> **YOUR TASK**
Repeat the listing exactly as given, omitting every image.

> **GIVEN DATA**
————————
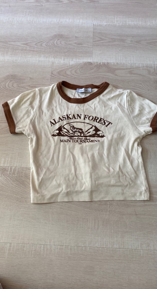 Pamuk kumaştan, baskılı Alaskan Forest desenli, kısa kollu, bisiklet yakalı, bej renkli, dar kesim kadın tişörtü. Sokak stiline uygun, rahat ve şık.
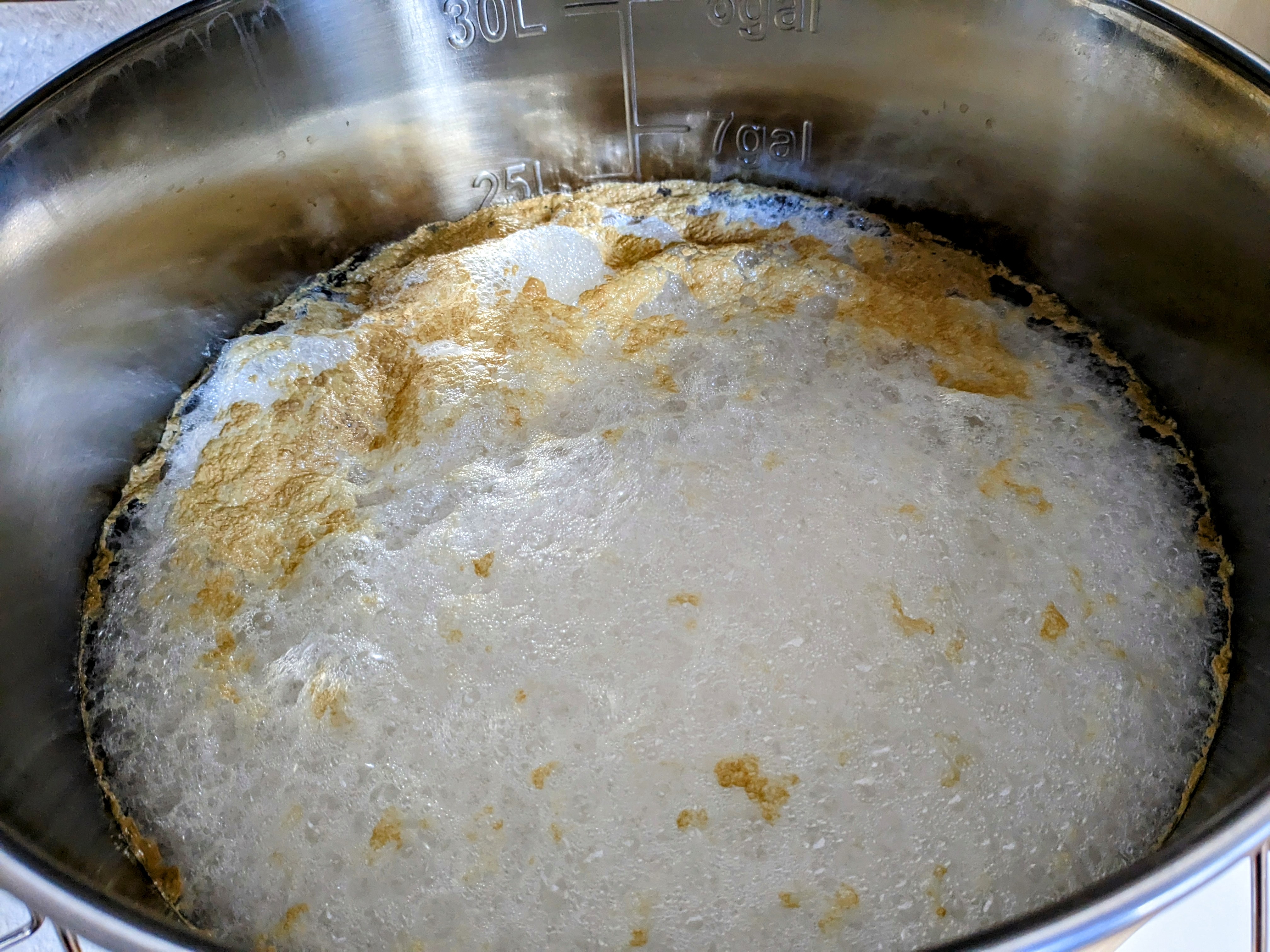 Ich musste dann ein paar mal einschneiden, damit es überhaupt weiterging. Allerdings war meine Stammwürze höher als erwartet. 1.063 SG statt berechneter 1.048. Dafür aber 1 Liter weniger.
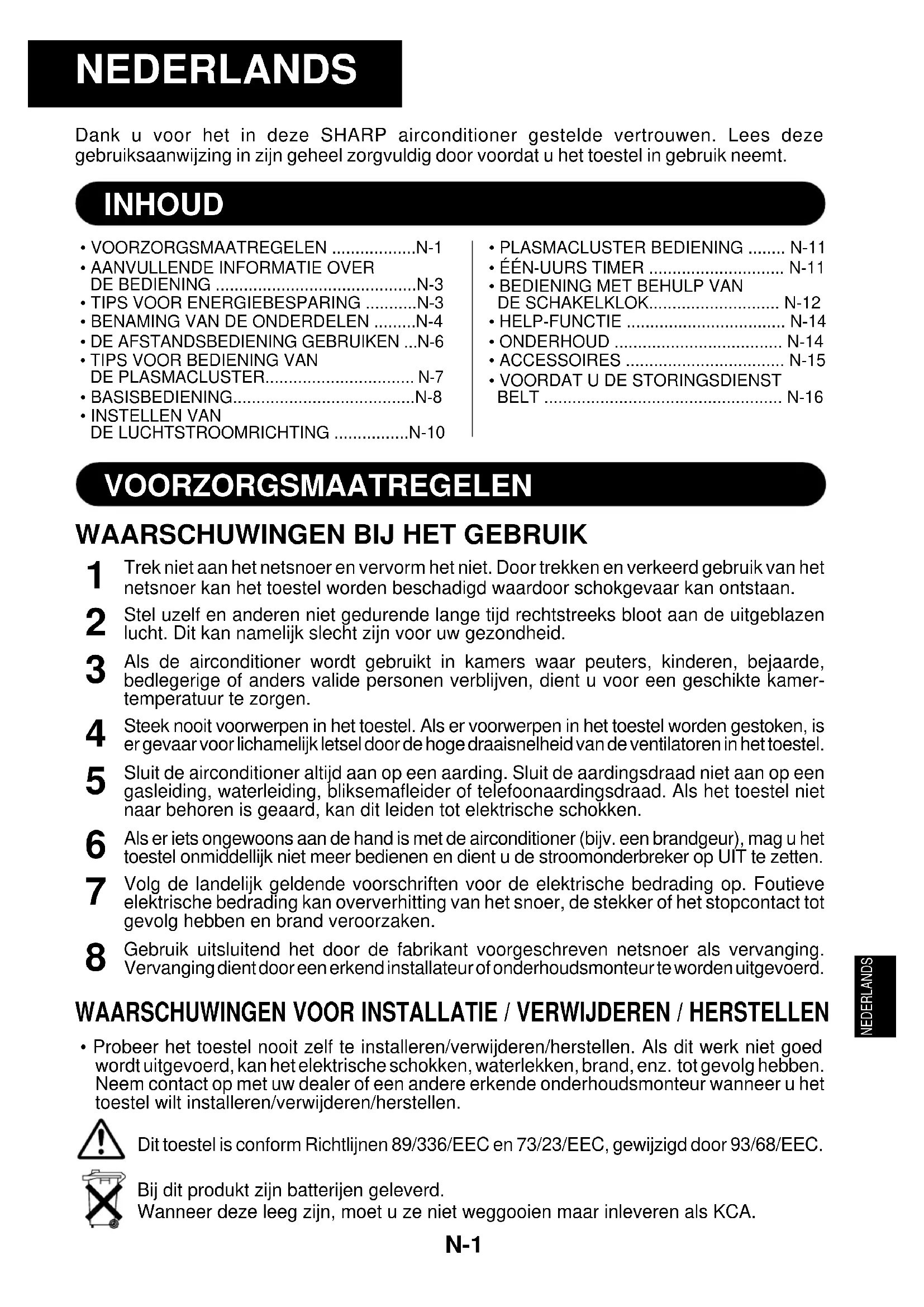 - Probeer het toestel nooit zelf te installeren/verwijderen/herstellen. Als dit werk niet goedwordt uitgevoerd, kan het elektrische schokken, waterlekken, brand, enz. tot gevolg hebben.Neem contact op met uw dealer of een andere erkende onderhoudsmonteur wanneer u hettoestel wilt installeren/verwijderen/herstellen.Dit toestel is conform Richtlijnen 89/336/EEC en 73/23/EEC, gewijzigd door 93/68/EEC. NEDERLANDS Bij dit produkt zijn batterijen geleverd.Wanneer deze leeg zijn, moet u ze niet weggooien maar inleveren als KCA.VOORZORGSMAATREGELEN
————————
> **YOUR RESPONSE**
 Pamuk kumaştan, baskılı Alaskan Forest desenli, kısa kollu, bisiklet yakalı, bej renkli, dar kesim kadın tişörtü. Sokak stiline uygun, rahat ve şık.
 Ich musste dann ein paar mal einschneiden, damit es überhaupt weiterging. Allerdings war meine Stammwürze höher als erwartet. 1.063 SG statt berechneter 1.048. Dafür aber 1 Liter weniger.
 - Probeer het toestel nooit zelf te installeren/verwijderen/herstellen. Als dit werk niet goedwordt uitgevoerd, kan het elektrische schokken, waterlekken, brand, enz. tot gevolg hebben.Neem contact op met uw dealer of een andere erkende onderhoudsmonteur wanneer u hettoestel wilt installeren/verwijderen/herstellen.Dit toestel is conform Richtlijnen 89/336/EEC en 73/23/EEC, gewijzigd door 93/68/EEC. NEDERLANDS Bij dit produkt zijn batterijen geleverd.Wanneer deze leeg zijn, moet u ze niet weggooien maar inleveren als KCA.VOORZORGSMAATREGELEN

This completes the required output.